A ciência por trás da ‘vacina’ contra alergia é simples: os gatos produzem a proteína Fel d 1, de acordo com a IFLScience.

Os cientistas suíços testaram sua ‘vacina’ HypoCat em 54 gatos, que então produziram anticorpos que poderiam incapacitar Fel d 1.

“Estamos trabalhando neste projeto há mais de cinco anos. A alergia a gatos é um grande problema e muito difícil para os donos de gatos com alergia. Portanto, nossa abordagem pode ter implicações importantes”, disse Martin Bachmann, um dos pesquisadores do estudo.

Quando

Quando questionado sobre o tamanho da amostra para testar a ‘vacina’, Bachmann respondeu:

“Sentimos que os números e as conclusões são suficientes para impulsionar nosso investimento em desenvolvimento adicional.

Isso também se reflete no fato de que o JACI, o jornal de alergia Nr 1, publicou nosso estudo.
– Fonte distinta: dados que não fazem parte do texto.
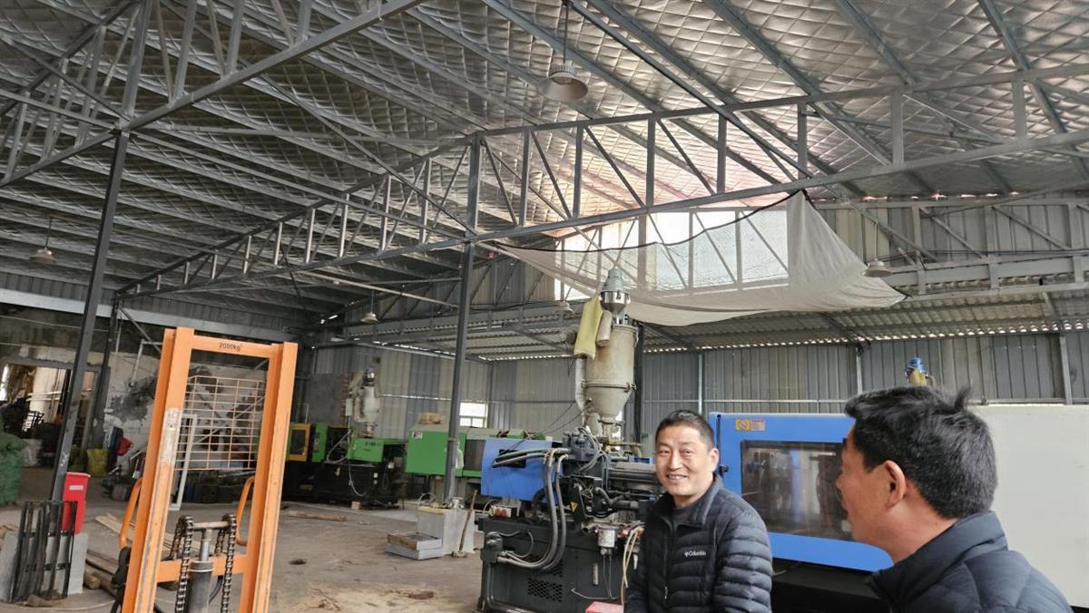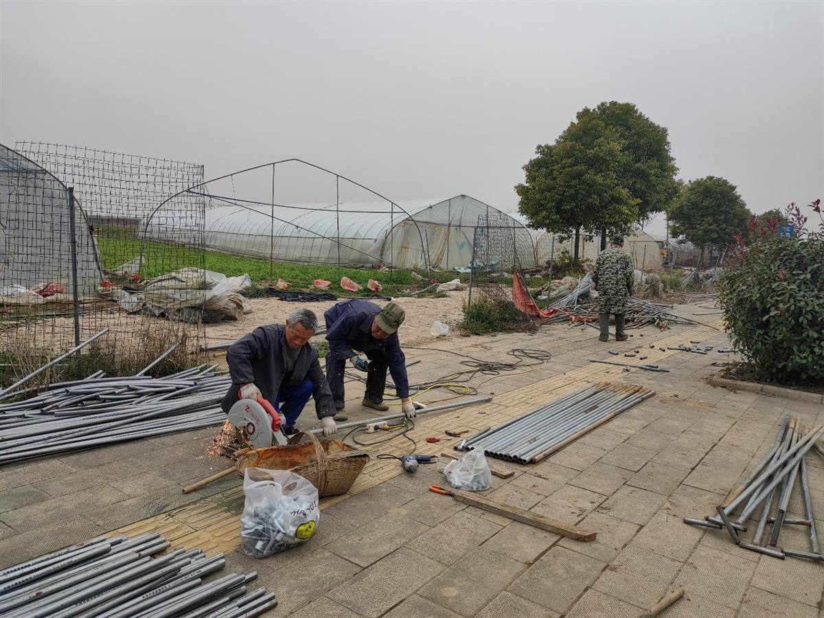 在连柏采摘园入口,机器切割火花四射,钢材在地面整齐排列。“我们听到村里喇叭在播报天气情况,立马就着手加固大棚了”,在大棚入口处,三位工人正在帮忙切割钢管,全力在19日白天把修复好的大棚加固加牢,抵抗冰雪灾害。
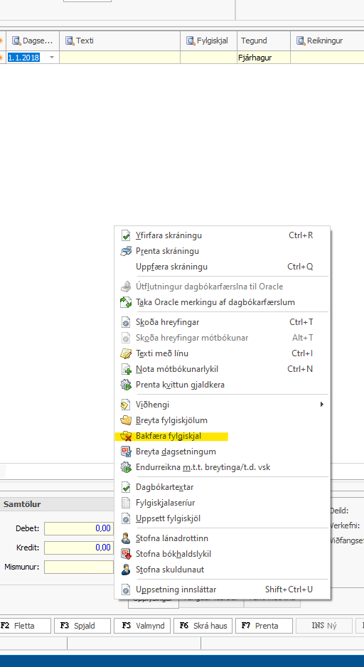 Hægt er að bakfæra stakt fylgiskjal í fjárhag. Byrjað er á að stofna fjárhagsdagbók og fylla út helstu upplýsingar eins og lýsingu og bókunarár. Síðan er smellt í skráningarsvæðið og þar á F5 Valmynd > Bakfæra fylgiskjal.
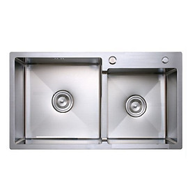 Inox 304 Kích thước chậu: 820x450mmx230mm Kích thước 2 hố: 370x350x230mm KT khoét đá: 790x425mm Kích thước 2 hố: 750mm
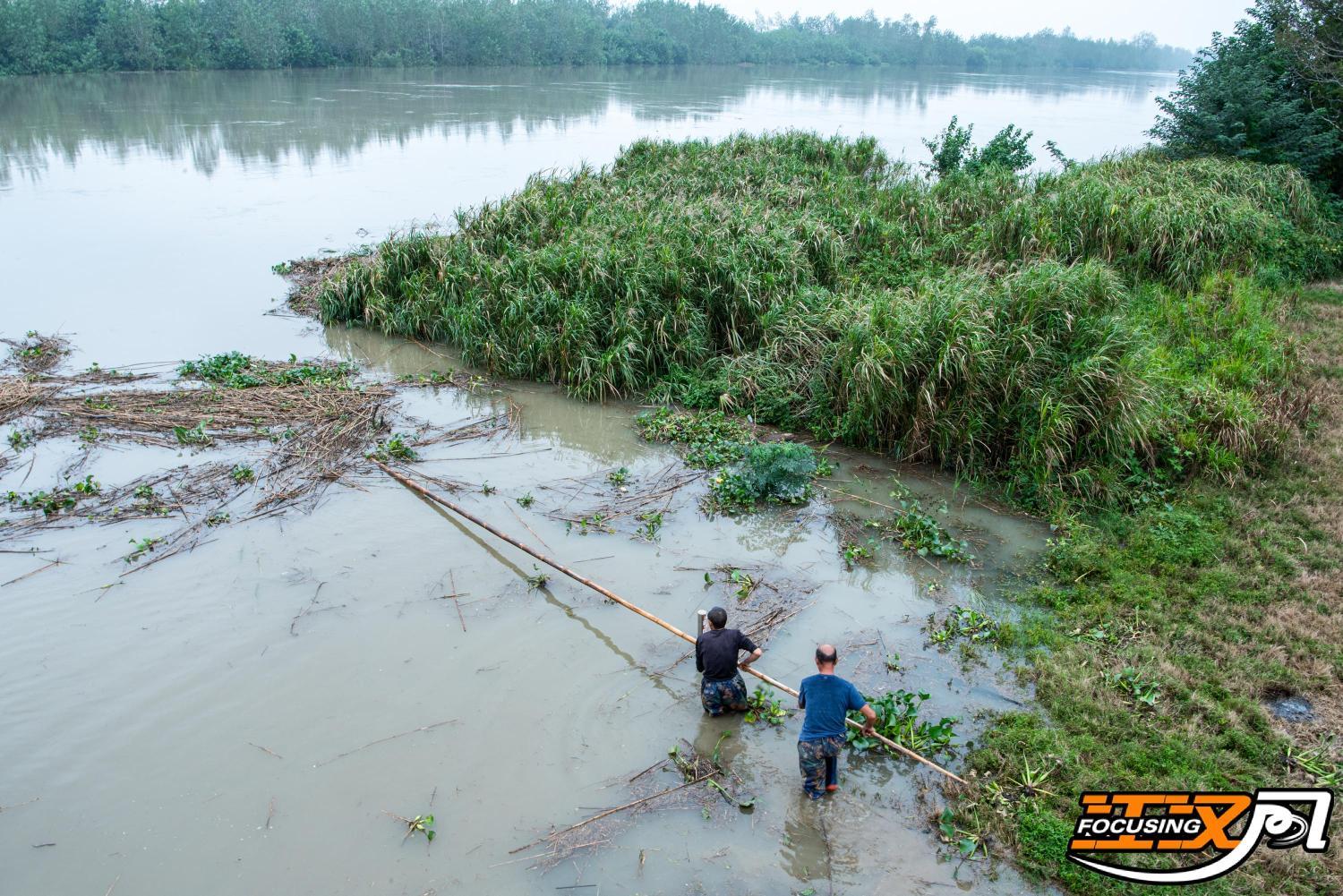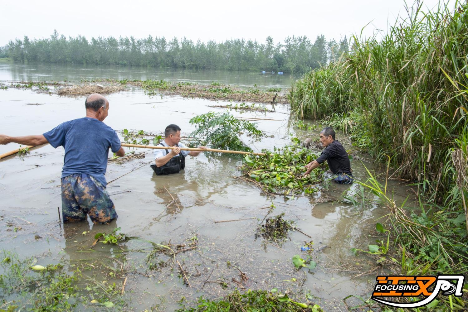 10月4日,在东荆河洪湖万全中岭闸,洪湖东荆河管理分局的防汛值班人员和村民一道,清理篙排水葫芦等漂流物,保证河道过峰畅通。
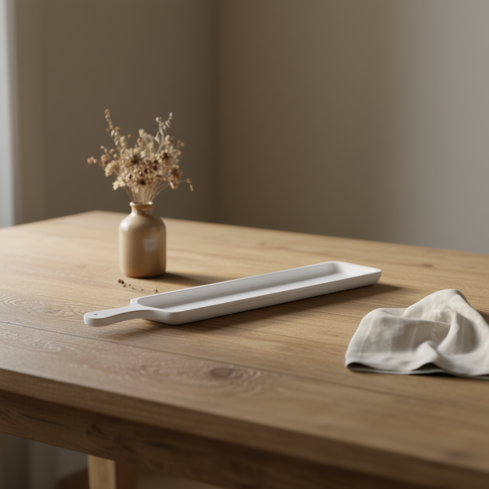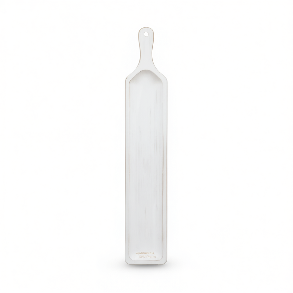 ถาดเสิร์ฟไม้ทรงยาวแคบ Parisloft สีขาว รูปทรงสี่เหลี่ยมผืนผ้า ทำจากไม้สน พร้อมหูจับ ใช้ตกแต่งห้องครัว ห้องรับประทานอาหาร หรือเป็นของตกแต่งกลางโต๊ะ

De acordo com Bachmann, a vacina que se chama HypoCat estará disponível “em 2022”.

“Não podemos dizer qual será o valor exato neste momento, mas definitivamente será acessível para os donos de animais na mesma linah de outros produtos veterinários”, disse o pesquisador.

Em 2020, mais estudos de testes de segurança e eficácia serão iniciados. ”

Além disso, Bachmann deu a entender que a equipe de pesquisa está“ iniciando ”o trabalho em uma ‘vacina’ para cães produzirem menos alérgenos.

No Ocidente, 1 em cada 10 pessoas são alérgicas a essa proteína.